You’ve heard it before, you should write a plan before you start your business. You might be wondering why that’s so important. Here are three good reasons. Writing a plan

  • clarifies what your business goals are so you know how to measure success,
  • helps you spot potential problems so you can plan for them instead of getting caught by surprise, and
  • shows potential investors or lenders how you will make the business profitable so they will be more likely to invest their money or approve your loan.

How detailed a plan do you need before you jump in and get started? That depends on two things-the amount of risk you are taking and how much outside financing you need. For example, if you are a painter that has been employed by a reputable contractor and you want to start your own business by taking some additional jobs on your own, you aren’t taking much risk. As long as you verify that you are not putting your full-time income at risk, you may be able to just start taking jobs and plan as you go. When I started my coaching and consulting business, I used a personal credit line in an amount that I knew I could pay off to cover expenses. I did some planning to ensure that I would have a good chance of success and keep my expenses under budget. If you are planning a business start up that involves significant upfront investment, you will want a more detailed plan. Even if you plan on financing the business through personal loans, a second mortgage, or your own savings, you will want to know that you are investing your money wisely and developing a plan will help you be sure of this. If you are seeking outside investors or business loans that are not secured by your personal assets, you will need to convince investors or lenders to say yes to your request with a detailed, realistic and well-researched plan.

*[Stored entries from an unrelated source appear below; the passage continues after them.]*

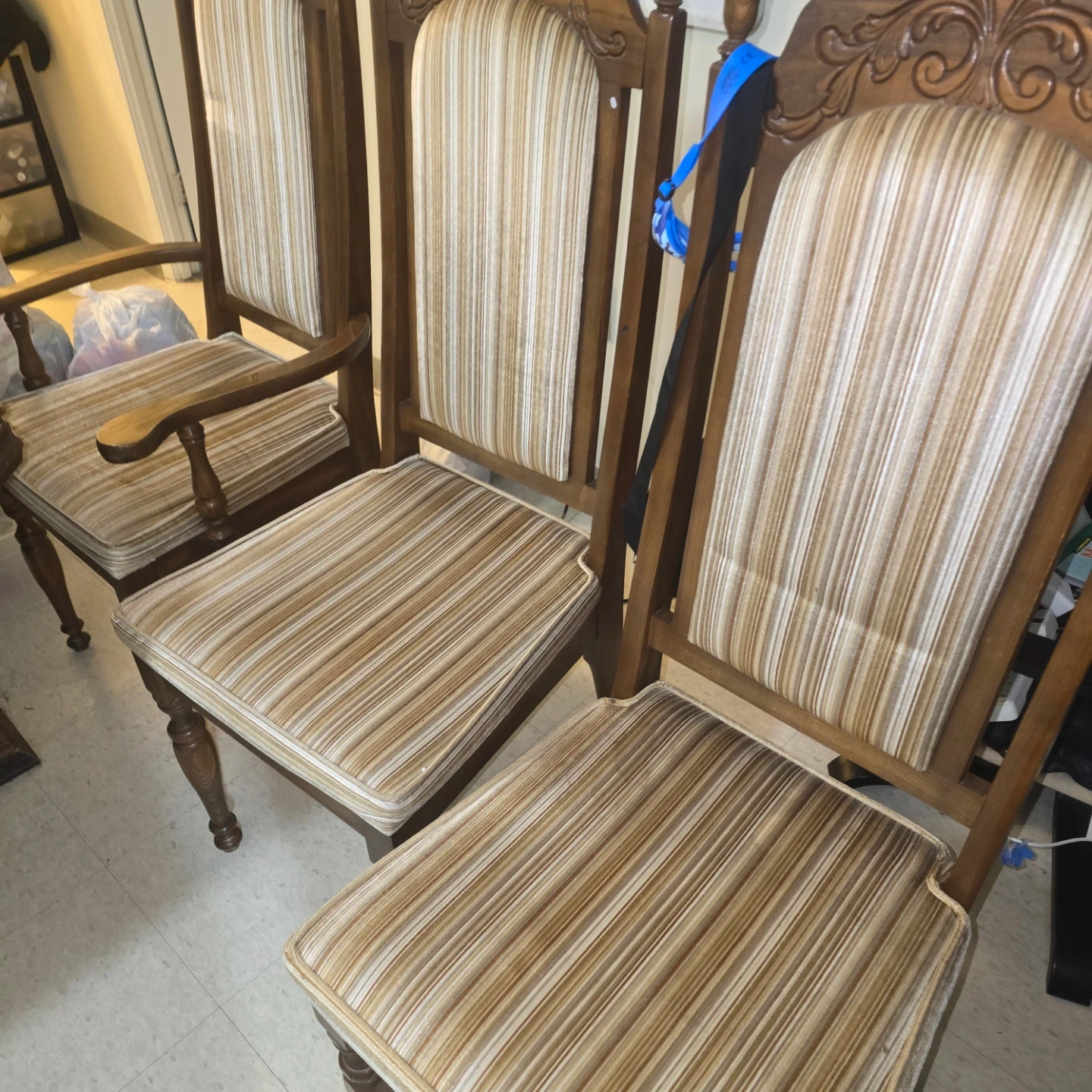 A vintage wooden dining table with 6 matching chairs. It also has an extender The set includes upholstered seating with a striped fabric pattern. It's perfect for family gatherings or everyday meals. The table has an expandable leaf for extra seating.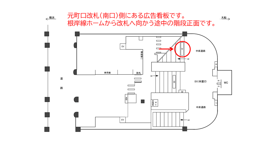 ホーム階段正面にある電飾看板です。横浜方面から石川町駅で下車された方が、元町口改札(南口)へ向かう途中にあります。これから駅を出る方を対象とした広告で、近隣商業施設の案内や、地元の方向けの企業認知に使えます。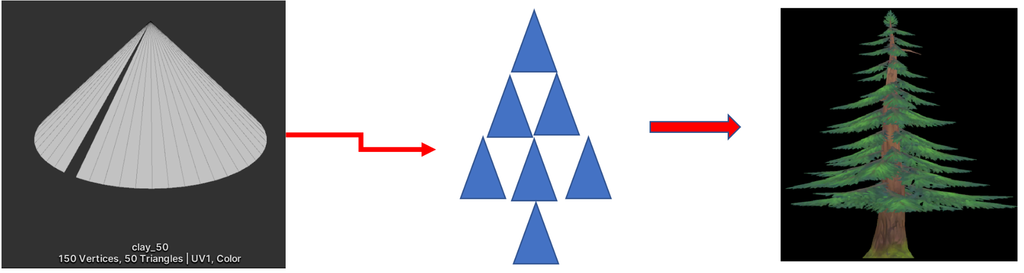 클레이는 컬링 및 충돌 단계에서 호환되는 가시적 렌더링 가능한 객체의 목록을 빌드하는 것으로 시작됩니다. 그런 다음 Clay는 식별된 각 객체의 렌더링 정보를 SSBO로 생성합니다. 이 프로세스는 Unity 렌더러 DrawMeshInstancedIndirect 함수를 사용하여 간접 인스턴스화된 렌더링을 사용할 수 있는 컴퓨팅 셰이더를 통해 실행됩니다. 간접 렌더링을 사용하면 인스턴스 정보와 인스턴스 수 매개변수가 GPU에서 직접 생성됩니다. 객체를 그릴 때 Clay는 기존의 객체 메시를 결합하는 대신 그림과 같이 원뿔 메시를 결합합니다.

What goes into your business plan?

The body of a well-written business plan contains:

  • a description of the business
  • market information
  • financial information, and
  • management information

Business description

The description of your business is based on its mission, vision, and values. What will your business do and how will it generate income? Will you have employees? If so, what training, education or experience will your key employees need? Your description should clarify exactly what service or product(s) your company will offer and identify your target market. It should also indicate what business structure you will use and identify the key players in the company.

Market

After you have defined those basics, it’s time to discuss the market for your business. Who are your competitors and who dominates the market? Think about the unique strengths that will allow you to obtain a sustainable competitive advantage in serving the target market you identified above. In order to succeed, you will need to identify and build upon your unique strengths. You might want to perform a SWOT analysis to help you clarify your competitive position. A SWOT is simply a collection of lists-your strengths and weaknesses (things that are inherent to the business you plan to run) and your opportunities and threats (things that are external to your business) You should only list things that pertain to your business objective. For example, if you want to be a model, an attractive appearance would be strength. If you want to be a technical writer, your appearance is probably irrelevant. Once you’ve made your list, take it a step further. Clarify how you can use your strengths to counteract your weaknesses and take advantage of market opportunities to build a sustainable advantage over your competitors and develop a plan to overcome potential threats.

Financial

This is the most important piece of your plan. If your business is not profitable, it won’t work as a business! If it’s something you love, you can still enjoy it as a hobby. If it makes a difference in the world and you want to fund it, that’s fine. Just be realistic and recognize whether or not you can make a living out of what you plan to do. If you can’t-it’s better to know that up front.

You will start with a detailed listing of your start-up expenses. While expenses will vary depending on the type of business you plan to establish, common start-up expenses include legal work, logo and brochure design, training, and site selection and improvement. You will also include the available assets you will use to pay for start up expenses and the loans or outside capital that you will obtain. Start-up expenses, assets and funding all refer to what is needed and available before you actually start your business.

Then you will project your future income and expenses after you start doing business for the first year in a projected profit and loss statement. It’s important to be as accurate as possible here. Many businesses will operate at a loss when they first open because it takes time to build up a customer base and becomes established. That’s OK, if it’s part of your plan and you know how you will keep the business going. It’s not OK if you were too optimistic in your projections and can’t find the money to keep operating until the business starts turning a profit. When I studied for my MBA, we learned to game the system by starting with the numbers that we needed and adjusting the different income and expense numbers so the end result was a profitable “business.” That’s OK for the classroom, but it’s not really an effective or smart way to plan your business. If your projections show that the business is not likely to show a profit or that you can’t afford to fund it until it does, rethink your plan. Is there anything that you can realistically do to turn things around? If not, it’s better to look at a different business idea until you find one that works.